▶ _Entries supplied_:
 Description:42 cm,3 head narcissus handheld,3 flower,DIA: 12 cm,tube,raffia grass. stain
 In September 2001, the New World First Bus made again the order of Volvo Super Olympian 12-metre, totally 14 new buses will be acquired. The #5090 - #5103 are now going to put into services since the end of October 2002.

--

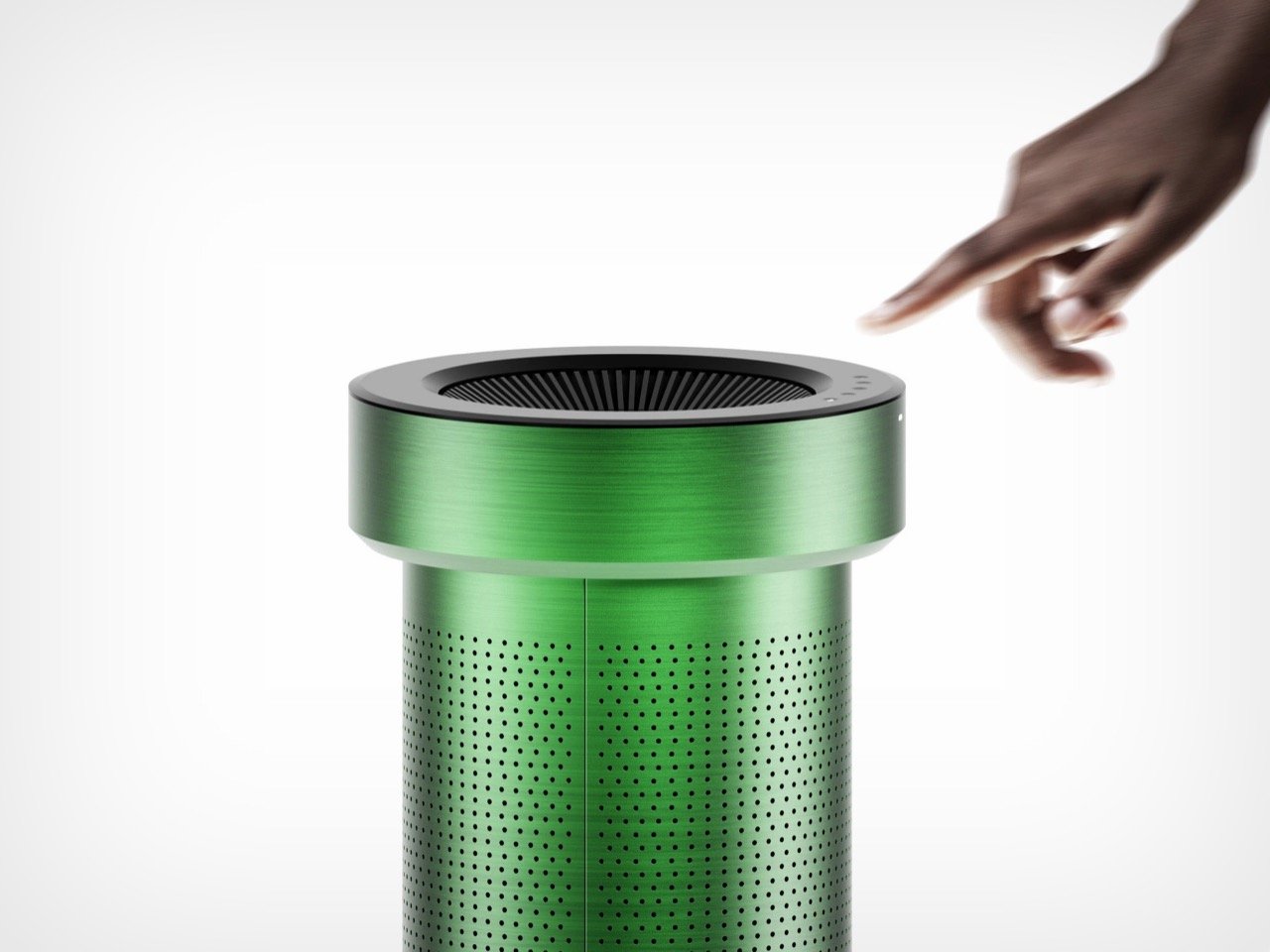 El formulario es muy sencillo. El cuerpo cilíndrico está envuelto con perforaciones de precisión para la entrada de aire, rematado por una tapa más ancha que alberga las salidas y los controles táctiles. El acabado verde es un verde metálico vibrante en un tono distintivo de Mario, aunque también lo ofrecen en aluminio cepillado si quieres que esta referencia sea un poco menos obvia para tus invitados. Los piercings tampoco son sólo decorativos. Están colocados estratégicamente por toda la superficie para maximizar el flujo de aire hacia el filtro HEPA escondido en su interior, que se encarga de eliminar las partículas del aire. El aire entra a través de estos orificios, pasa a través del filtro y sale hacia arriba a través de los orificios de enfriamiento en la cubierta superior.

▶ _Exercise goal_: The lines above, starting at the one with "Description:42 cm,3 head" and ending at the one with "In September 2001, the", are the only ones to return, exactly as written.

▶ _Answer to the problem_:
 Description:42 cm,3 head narcissus handheld,3 flower,DIA: 12 cm,tube,raffia grass. stain
 In September 2001, the New World First Bus made again the order of Volvo Super Olympian 12-metre, totally 14 new buses will be acquired. The #5090 - #5103 are now going to put into services since the end of October 2002.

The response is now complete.